Employee job-switching confidence pointing up


Another glimmer of hope that we may be beginning to exit a condition of persistent recession is gradual improvement in the number of employees who would consider taking a new job if the opportunity presents itself. It’s a good sign, because employees are more conservative when times are tough – but it could be tough for companies that fail to plan for it and start losing veteran staffers.

The report, from GfK Custom Research North America, notes that more than 20% of the American workforce is ready to consider a change of employment. On the flip side, 53% would still lean toward staying put even with another job offer on the table.

Other positives: 47% of those surveyed see a recovery next year, and 80% of those fully-employed expect their employment to continue through the next 12 months.

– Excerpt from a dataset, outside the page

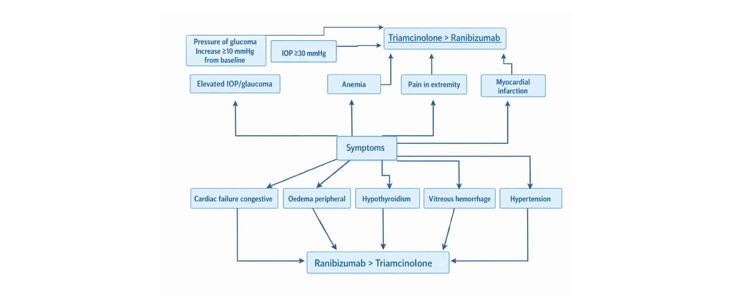 This comparison highlights the differing safety profiles of ranibizumab and triamcinolone, providing important considerations for clinicians when choosing treatment for DME based on patient-specific risk factors.

There is a down side to this that employers need to be aware of.

“This number is important to watch as the economy continues to improve,” said GfK’s Thomas Hartley. “Employees are more likely to stay with their company during lean times, and so companies have taken them for granted. When the economy strengthens, experience tells us that employees will begin weighing their options and considering other jobs. Since it takes up to 12 months to improve employee engagement, companies need to plan ahead and take the proper steps to ensure their employee retention rates remain high.”

RBR-TVBR observation: Although we only flag these types of reports from time to time, we see them all the time. Our sense of the consensus is that while the study-producers are not seeing any earth-shaking economic improvements in the near future, most seem to be guardedly optimistic.

We doubt that any of the prognosticators have utterly reliable crystal balls straight from the secret long-lost chambers of the wizard Merlin, but the preponderance of opinion is what it is, and it sure beats a body of prediction that leans mildly or catastrophically negative.